Last week Google provided some initial numbers for their new social network, Google+. Better yet, Larry Page posted them on Google+ during their quarterly call – so far they’ve had ten million users sign-up to the service. Personally, I really like the service and was excited and invited many fellow Facebook users to join.
Even before Google released the initial numbers, I was curious as to how many users had joined the site. I realized that many users already had a Google Profile before they moved to Google Plus. Would it be possible to know how many users had migrated to Google Plus? I decided to do some poking around for fun.
Digging up Google Profile users
Google publishes sitemap files for Google Profiles but the index file appears to be out of date – the last change being March 16. The URL for the sitemap index can be found at profiles.google.com/robots.txt:
As you can see, Google doesn’t prohibit spiders from crawling user’s profiles. If you dig further into the sitemap index file you’ll find the following:
The sitemap files are numbered and only go to 999. The sitemap specification allows for 50,000 URLs per file thus requiring multiple files for a large website. This appeared odd to me since 50,000 x 999 would only equal 49,950,000 profiles. I dug further into a few example files and found that the number of URLs per file was actually much lower – most only had 2500 URLs per file. This would mean only 2,497,500 profiles – too low to be credible.
Since Google decided to name each sitemap file with an incremental number I decided to dig in further and see how high they went. The result was 7,102 site map files or, in theory, 17,755,000 profiles. Next up – how could I determine how many of them had migrated?
Turning the tables: crawling Google
The first thing I did was write a quick app to download each sitemap file and store the individual profile URLs into a database. I did this as politely as possible including waiting three seconds between requests. The result was 17,717,154 profile URLs. That’s a big number, although perhaps not the complete list of profiles but it’s the best I could come up with.
Next up – how to determine if the user had migrated?
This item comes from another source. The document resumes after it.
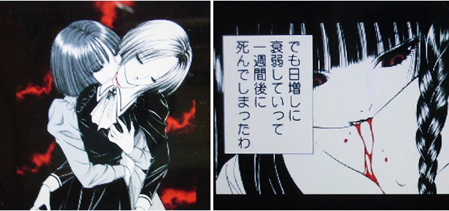 最近、ケータイコミックにハマり気味。確かに一見安そうだが、データの配信料の少なさを考えると、町のレンタルコミックに行った方がはるかにお得。ただ手軽だし、何よりも普段読まないような作品を知ることができる…っというメリットもある。そんな中で、吸血鬼好きの私が偶然見つけたのが「緋色の花(あるうぇ)」(写真左)と「吸血鬼を待つ館(榎本由美)」(写真右)の2作品。「緋色の花」は心優しき吸血鬼が登場する百合色が強い作品。絵があまり上手い作者ではないが、悪くない作品だ。一方、「吸血鬼を待つ館」は吸血鬼と言うよりは悪魔的な物語。一人の人間を生涯苦しめる、その所業はかなり悪質。それなりに良くできている話だが、キャラデがあまり好みでないのが難。さて、また面白い吸血鬼ものがないが探してみるかな。

What I found was that if the user had migrated to Google Plus then the server would return a redirect to their new Google Plus URL. Also, I found that a certain number of URLs returned a 404 error – presumably for users who had deleted their profile since the sitemap files had last been updated.
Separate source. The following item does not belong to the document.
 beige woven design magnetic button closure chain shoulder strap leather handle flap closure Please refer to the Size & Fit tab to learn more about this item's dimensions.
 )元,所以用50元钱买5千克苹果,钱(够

I didn’t want to download all 17m+ profiles – for a couple of reasons. First, I didn’t want to pull in all that personal user information for no reason. People have enough trouble with privacy without worrying about some curious geek in Canada. Secondly, given that I decided up front to not hit the services very hard (with my three second waits between requests) that it would take forever to pull in all of the URLs.
The results are in
What I settled on was to simply issue an HTTP HEAD request for the profile URLs and do it only for a credible sample number of users. A HEAD request doesn’t actually pull down the web page you are requesting – only the headers which was good enough for my purpose. I estimated that I would need to pull in 10,000 URLs for a reasonable sample. In addition, I excluded the small number of deleted profiles that my spider found (<200). Here are the results:
Users who migrated to Google Plus: 1,047
Users who still have a Google Profile: 8,953
This shows that, so far, only 10.47% of Google Profile users in my sample have migrated to Google Plus.
What does it mean?
To me, it means that Google has a ready set of users who have profiles that can easily be migrated to Google Plus. I’m sure they have a plan for that. But it also means that only a small number of users have already migrated. Given that users who had profiles seemed to be relatively limited (early adopters?) perhaps that’s worrying. But we won’t really know if this is important until open sign-ups become the norm with the service.
In other words: it was a fun exercise and I’ll leave it to the reader to decide how valuable this data is and what it could mean this early for Google’s new service.